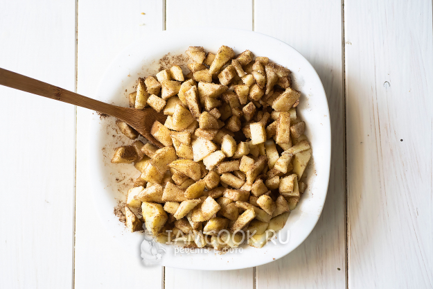 Яблочные кубики выложим в миску, добавим сахар и корицу, перемешаем.
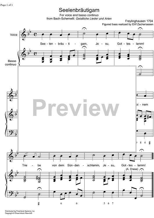 Digital Sheet Music for Seelenbräutigam by Johann Anastasius Freylinghausen, Eilif Zachariassen scored for Voice/Continuo; id:325955
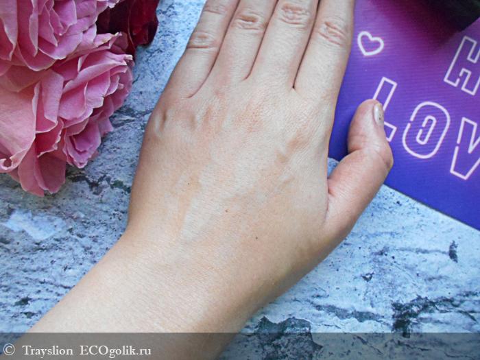 Крем легко распределяется по коже рук. Липкости после нанесения нет. На втирание уходит не более минуты. Важно - наношу его только на сухую кожу.
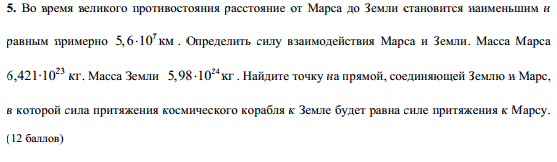 там вообще-то два вопроса первый сила взаимодействия Земли и Марса а второй о точке
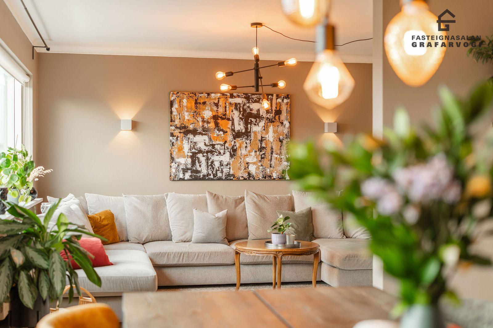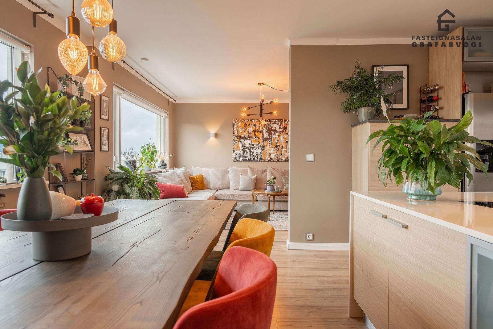 Stofa og borðstofa: Opið og bjart alrými með góðu flæði á milli eldhús, borðstofu og stofu. Nýlegt Birgison harðparket á gólfi. Úr stofunni er útgengt úr á stórar svalir sem ná yfir tvær hliðar hússins. Hluti þessara svala er yfirbyggður.
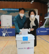 김주수 의성군수가 4월 10일 오후 2시, 금성면문화센터 1층에 위치한 사전투표소를 찾아 한 표를 행사했다. 김 군수는 투표소 입구에서
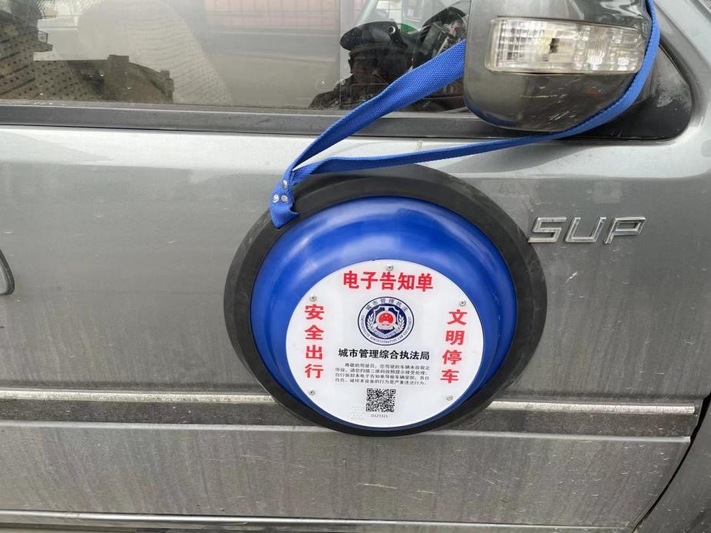 据了解,“电子告知单”是一种可以强力吸附在车门上,并且不影响驾驶的电子锁车设备,外表看起来像一个盆,印有“安全出行 文明停车”等字样,内部装有吸盘、定位系统、报警系统等。城管执法人员将违停车辆的车牌、位置、违停时间、照片等证据上传至后台管理系统后,通过后台一键锁定。
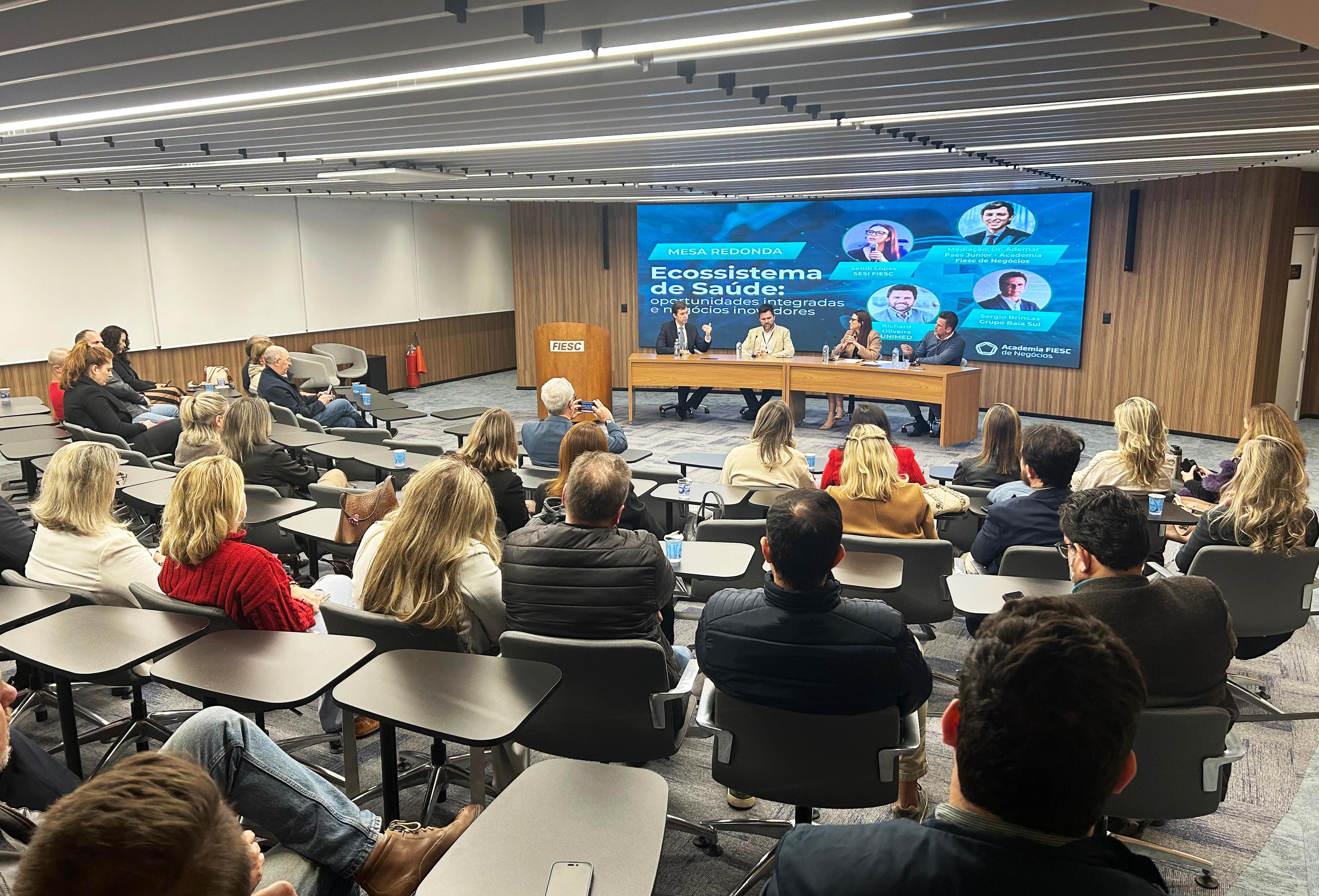 A mesa redonda Ecossistema de saúde: oportunidades integradas e negócios inovadores foi realizada na Academia FIESC de negócios.
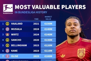 体育资讯6月6日讯 德国转会市场列出了德甲球员历史最高身价榜,哈兰德1.5亿欧居首,穆西亚拉、维尔茨1.4亿欧,奥利塞1亿欧。
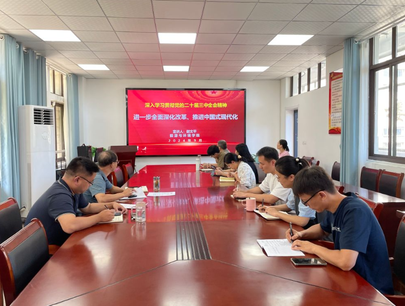 2024年9月18日上午,能源与环境学院在能源楼325会议室召开党的二十届三中全会精神宣讲会。宣讲会由学院党委书记谢文平主讲,学院各支部书记参加了宣讲会。
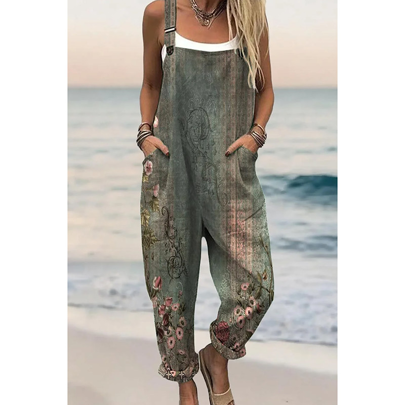 Women's Dungarees Active Floral Sleeveless Sleeveless Harem Square Neck Pocket with Pocket Vacation Daily Loose Fit Army Green Green Beige Summer

### Task objective
The output should be the material above, copied exactly, without its pictures.

### The answer
 Яблочные кубики выложим в миску, добавим сахар и корицу, перемешаем.
 Digital Sheet Music for Seelenbräutigam by Johann Anastasius Freylinghausen, Eilif Zachariassen scored for Voice/Continuo; id:325955
 Крем легко распределяется по коже рук. Липкости после нанесения нет. На втирание уходит не более минуты. Важно - наношу его только на сухую кожу.
 там вообще-то два вопроса первый сила взаимодействия Земли и Марса а второй о точке
 Stofa og borðstofa: Opið og bjart alrými með góðu flæði á milli eldhús, borðstofu og stofu. Nýlegt Birgison harðparket á gólfi. Úr stofunni er útgengt úr á stórar svalir sem ná yfir tvær hliðar hússins. Hluti þessara svala er yfirbyggður.
 김주수 의성군수가 4월 10일 오후 2시, 금성면문화센터 1층에 위치한 사전투표소를 찾아 한 표를 행사했다. 김 군수는 투표소 입구에서
 据了解,“电子告知单”是一种可以强力吸附在车门上,并且不影响驾驶的电子锁车设备,外表看起来像一个盆,印有“安全出行 文明停车”等字样,内部装有吸盘、定位系统、报警系统等。城管执法人员将违停车辆的车牌、位置、违停时间、照片等证据上传至后台管理系统后,通过后台一键锁定。
 A mesa redonda Ecossistema de saúde: oportunidades integradas e negócios inovadores foi realizada na Academia FIESC de negócios.
 体育资讯6月6日讯 德国转会市场列出了德甲球员历史最高身价榜,哈兰德1.5亿欧居首,穆西亚拉、维尔茨1.4亿欧,奥利塞1亿欧。
 2024年9月18日上午,能源与环境学院在能源楼325会议室召开党的二十届三中全会精神宣讲会。宣讲会由学院党委书记谢文平主讲,学院各支部书记参加了宣讲会。
 Women's Dungarees Active Floral Sleeveless Sleeveless Harem Square Neck Pocket with Pocket Vacation Daily Loose Fit Army Green Green Beige Summer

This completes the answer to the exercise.